[Start of Attachment]

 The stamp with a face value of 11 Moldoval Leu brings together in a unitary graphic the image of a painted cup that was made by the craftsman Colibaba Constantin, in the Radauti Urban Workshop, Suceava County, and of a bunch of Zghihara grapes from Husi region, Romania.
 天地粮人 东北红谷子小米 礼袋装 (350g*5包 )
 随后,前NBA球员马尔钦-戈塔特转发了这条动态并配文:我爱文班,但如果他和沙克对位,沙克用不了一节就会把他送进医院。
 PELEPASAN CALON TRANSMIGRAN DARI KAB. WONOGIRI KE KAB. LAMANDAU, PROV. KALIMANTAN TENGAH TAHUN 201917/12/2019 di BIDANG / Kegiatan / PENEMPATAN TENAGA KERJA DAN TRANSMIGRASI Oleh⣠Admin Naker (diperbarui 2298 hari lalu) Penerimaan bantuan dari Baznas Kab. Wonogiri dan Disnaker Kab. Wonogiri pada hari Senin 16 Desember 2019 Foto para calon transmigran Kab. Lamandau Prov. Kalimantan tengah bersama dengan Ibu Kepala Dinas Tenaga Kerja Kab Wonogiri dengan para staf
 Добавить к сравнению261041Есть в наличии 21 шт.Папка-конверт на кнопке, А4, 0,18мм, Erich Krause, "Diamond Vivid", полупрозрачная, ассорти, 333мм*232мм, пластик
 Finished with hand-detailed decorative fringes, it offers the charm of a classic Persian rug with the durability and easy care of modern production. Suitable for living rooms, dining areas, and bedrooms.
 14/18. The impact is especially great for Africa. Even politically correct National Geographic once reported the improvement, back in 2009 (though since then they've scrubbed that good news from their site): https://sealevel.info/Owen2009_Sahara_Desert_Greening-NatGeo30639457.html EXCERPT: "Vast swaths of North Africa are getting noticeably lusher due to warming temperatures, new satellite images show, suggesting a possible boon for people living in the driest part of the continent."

[End of Attachment]

__Task__. An exact copy is needed of the closing lines of the entries above, counting from the one that contains "Добавить к сравнению261041Есть" and including it and the last.

__Solution below__.
 Добавить к сравнению261041Есть в наличии 21 шт.Папка-конверт на кнопке, А4, 0,18мм, Erich Krause, "Diamond Vivid", полупрозрачная, ассорти, 333мм*232мм, пластик
 Finished with hand-detailed decorative fringes, it offers the charm of a classic Persian rug with the durability and easy care of modern production. Suitable for living rooms, dining areas, and bedrooms.
 14/18. The impact is especially great for Africa. Even politically correct National Geographic once reported the improvement, back in 2009 (though since then they've scrubbed that good news from their site): https://sealevel.info/Owen2009_Sahara_Desert_Greening-NatGeo30639457.html EXCERPT: "Vast swaths of North Africa are getting noticeably lusher due to warming temperatures, new satellite images show, suggesting a possible boon for people living in the driest part of the continent."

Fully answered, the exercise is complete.